Every line of the listing should be retyped exactly, but none of the pictures should be.

══ Study material

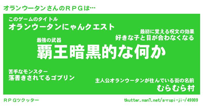 | 男性向けラノベタイトル風あだ名 | 『オランウータンアートオンライン』 |
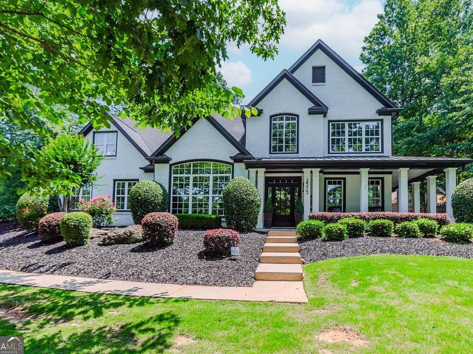 Welcome to this stunning 5 bedroom, 3 bathroom home perfectly situated in a quiet cul-de-sac in the desirable swim, tennis, and lake community of Weatherstone Lake. Boasting exceptional curb appeal and nestled on a private .59-acre lot, this home offers the perfect blend of comfort, functionality, and outdoor enjoyment. From the moment you step inside, you'll appreciate the thoughtful updates and inviting design. The main level features a bedroom and full bathroom, ideal for guests or multi-generational living, as well as a dedicated office for working from home, highlighted by direct access to the Southern Living-style wraparound front porch. The updated kitchen offers modern finishes with ample space for cooking and entertaining, along with a walk-in pantry large enough to also house all of your small appliances. Upstairs, you'll find the expansive primary suite with a lounging area and 2 walk-in closets, as well as generously sized secondary bedrooms with an abundance of storage and living spaces. Step outside and enjoy the privacy of the fenced backyard with plenty of space for entertaining, play or gardening. The beautiful landscaping on the entire lot will be easily taken care of by the in-ground sprinkler system, equipped with a rain gauge for maximum water efficiency. Located in the highly regarded Mill Creek School district, this home combines the best of community amenities, privacy, and convenience. Don't miss the opportunity to call this home yours!
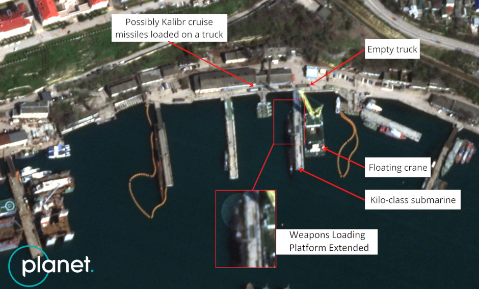 Satellite image from Planet, analysed by Benjamin Pittet (Twitter) shows one example of an Improved KILO Class submarine reloading during the Ukraine War.
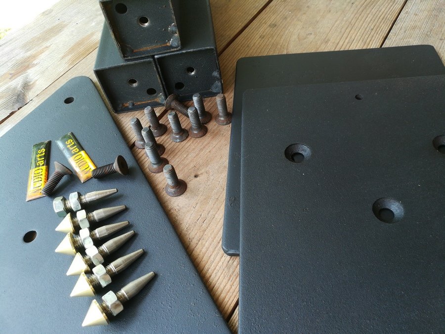 เหล็กเพลทบน-ล่างค่อนข้างหนา ราว 5-6 มิล ความสูงรวมสไปค์ที่ฐานล่าง 24 นิ้ว
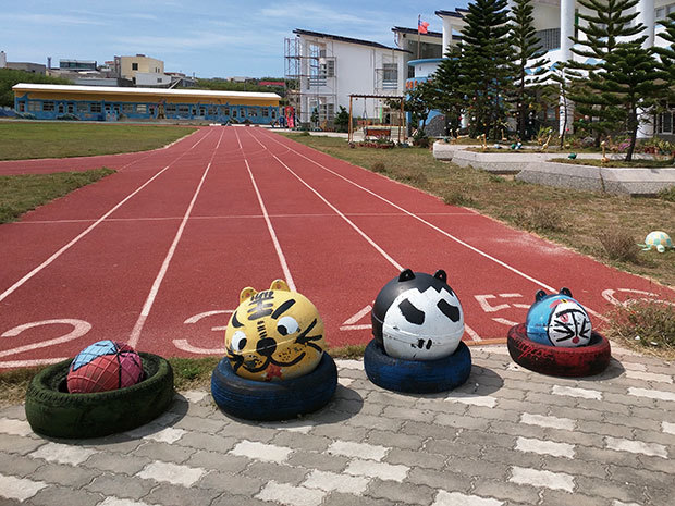 每年東北季風吹來的海漂物,都成為藝文創作的好素材。每一位學生習慣親海、玩海,創意十足,浮球經過彩繪,搖身一變成為可愛的小動物。

════

**Exercise result**
 | 男性向けラノベタイトル風あだ名 | 『オランウータンアートオンライン』 |
 Welcome to this stunning 5 bedroom, 3 bathroom home perfectly situated in a quiet cul-de-sac in the desirable swim, tennis, and lake community of Weatherstone Lake. Boasting exceptional curb appeal and nestled on a private .59-acre lot, this home offers the perfect blend of comfort, functionality, and outdoor enjoyment. From the moment you step inside, you'll appreciate the thoughtful updates and inviting design. The main level features a bedroom and full bathroom, ideal for guests or multi-generational living, as well as a dedicated office for working from home, highlighted by direct access to the Southern Living-style wraparound front porch. The updated kitchen offers modern finishes with ample space for cooking and entertaining, along with a walk-in pantry large enough to also house all of your small appliances. Upstairs, you'll find the expansive primary suite with a lounging area and 2 walk-in closets, as well as generously sized secondary bedrooms with an abundance of storage and living spaces. Step outside and enjoy the privacy of the fenced backyard with plenty of space for entertaining, play or gardening. The beautiful landscaping on the entire lot will be easily taken care of by the in-ground sprinkler system, equipped with a rain gauge for maximum water efficiency. Located in the highly regarded Mill Creek School district, this home combines the best of community amenities, privacy, and convenience. Don't miss the opportunity to call this home yours!
 Satellite image from Planet, analysed by Benjamin Pittet (Twitter) shows one example of an Improved KILO Class submarine reloading during the Ukraine War.
 เหล็กเพลทบน-ล่างค่อนข้างหนา ราว 5-6 มิล ความสูงรวมสไปค์ที่ฐานล่าง 24 นิ้ว
 每年東北季風吹來的海漂物,都成為藝文創作的好素材。每一位學生習慣親海、玩海,創意十足,浮球經過彩繪,搖身一變成為可愛的小動物。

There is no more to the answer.